■ PROBLEM STATEMENT
Starting with the line that contains "3月22日,華訊方舟磨房百公", copy each line exactly through the end of the listing, and omit all pictures.
*** DATA SHOWN Section Begins ***
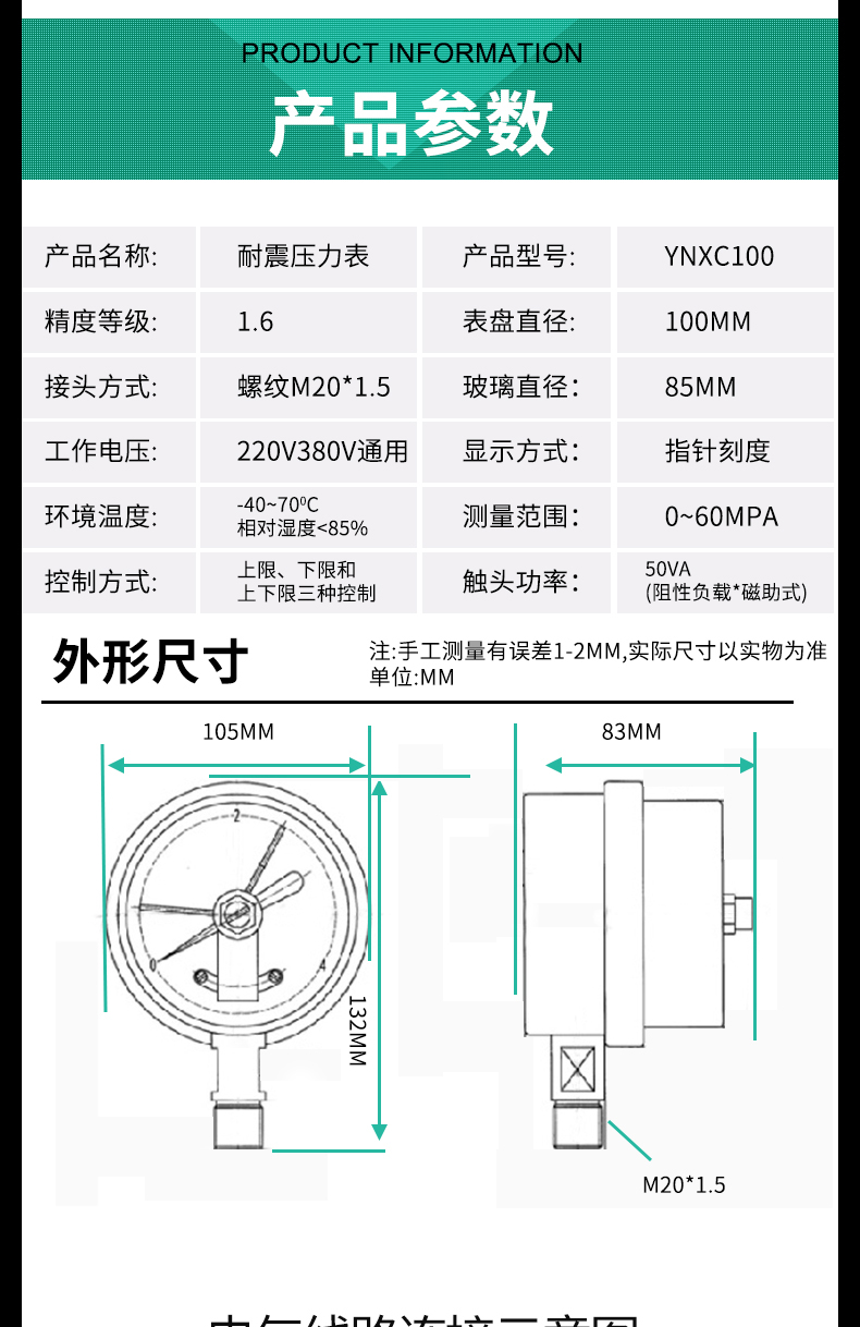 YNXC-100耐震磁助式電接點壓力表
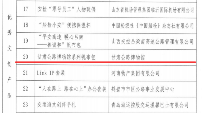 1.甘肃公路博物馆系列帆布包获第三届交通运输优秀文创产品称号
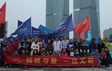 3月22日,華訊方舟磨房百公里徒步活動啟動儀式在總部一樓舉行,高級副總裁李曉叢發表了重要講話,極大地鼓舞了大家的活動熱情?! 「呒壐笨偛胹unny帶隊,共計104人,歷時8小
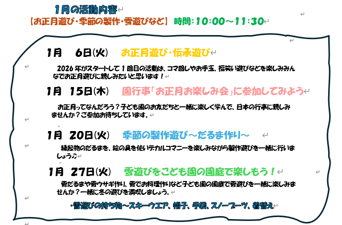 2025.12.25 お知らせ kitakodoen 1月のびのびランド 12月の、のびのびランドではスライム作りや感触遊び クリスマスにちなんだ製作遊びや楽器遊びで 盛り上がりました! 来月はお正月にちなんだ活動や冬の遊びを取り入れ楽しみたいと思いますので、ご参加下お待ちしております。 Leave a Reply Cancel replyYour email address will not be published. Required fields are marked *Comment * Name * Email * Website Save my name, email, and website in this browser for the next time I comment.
*** DATA SHOWN Section Ends ***
■ ANSWER TO THIS PROBLEM
 3月22日,華訊方舟磨房百公里徒步活動啟動儀式在總部一樓舉行,高級副總裁李曉叢發表了重要講話,極大地鼓舞了大家的活動熱情?! 「呒壐笨偛胹unny帶隊,共計104人,歷時8小
 2025.12.25 お知らせ kitakodoen 1月のびのびランド 12月の、のびのびランドではスライム作りや感触遊び クリスマスにちなんだ製作遊びや楽器遊びで 盛り上がりました! 来月はお正月にちなんだ活動や冬の遊びを取り入れ楽しみたいと思いますので、ご参加下お待ちしております。 Leave a Reply Cancel replyYour email address will not be published. Required fields are marked *Comment * Name * Email * Website Save my name, email, and website in this browser for the next time I comment.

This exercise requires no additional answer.